• Exercise instructions:
Transcribe only the lines from the one containing "另请注意,9 月 2 日下午和晚上的比赛将在" through the final line of the entries below, exactly, and exclude the pictures.

• Dataset records:
:::

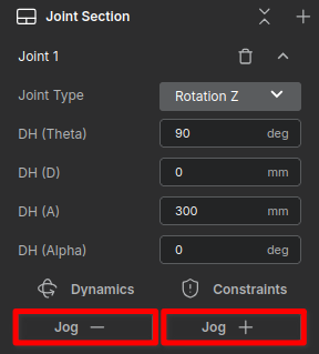 Use the Jog tab to ensure the joints rotate correctly.
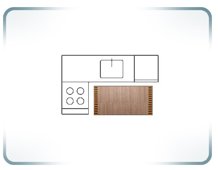 قرار دادن یک فرش 80*220 سانتی متری که در کل فضای آشپزخانه می گذرد، به ایجاد احساس وسعت کمک می کند.
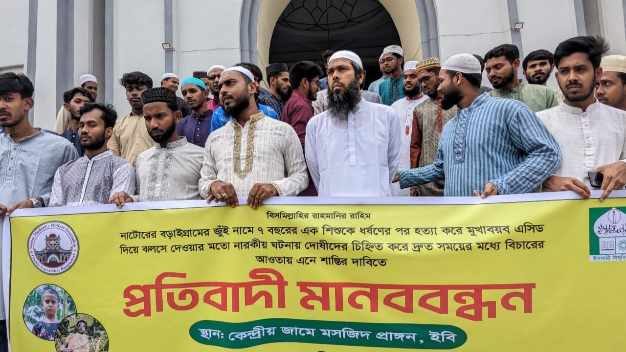 নাটোরে শিশু ধর্ষণ ও হত্যার প্রতিবাদে ইবিতে মানববন্ধন
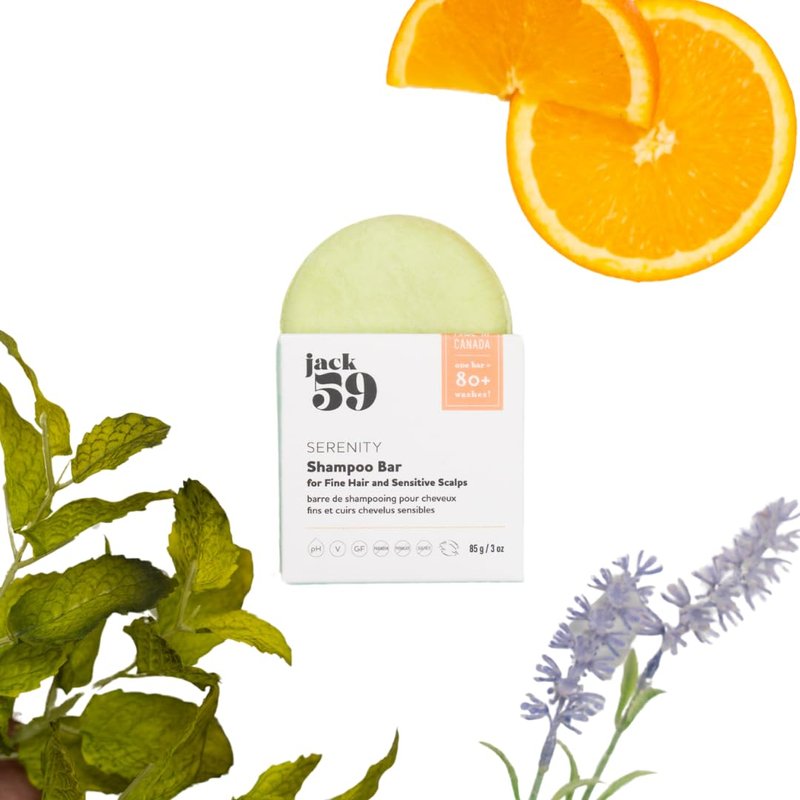 Jack59 Solid Shampoo Bar for Fine Hair & Sensitive Skin Organic Shampoo with Bergamot and Grapefruit, All Natural Shampoo, Travel Shampoo, pH Balanced, Gluten Free, Vegan Sulphate-Free, Serenity 3 oz
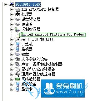 手机关机后,长按音量上键再插入数据线连接电脑,此时不要放开音量键约20秒,直到电脑找到LG的调制解调器(打开我的电脑-属性-硬件-设备管理器查看)
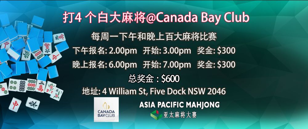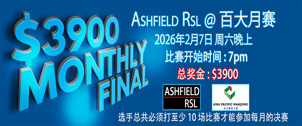 另请注意,9 月 2 日下午和晚上的比赛将在 Ashfield RSL 举行 – 4 Baida Mahjong – 总奖池:$1000
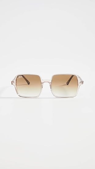 RB1973 square II sunglasses: These Ray-Ban women's sunglasses feature an iconic oversized square Acetate frame in transparent light brown with gradient brown lenses and are prescription ready

:::

• Exercise response:
 另请注意,9 月 2 日下午和晚上的比赛将在 Ashfield RSL 举行 – 4 Baida Mahjong – 总奖池:$1000
 RB1973 square II sunglasses: These Ray-Ban women's sunglasses feature an iconic oversized square Acetate frame in transparent light brown with gradient brown lenses and are prescription ready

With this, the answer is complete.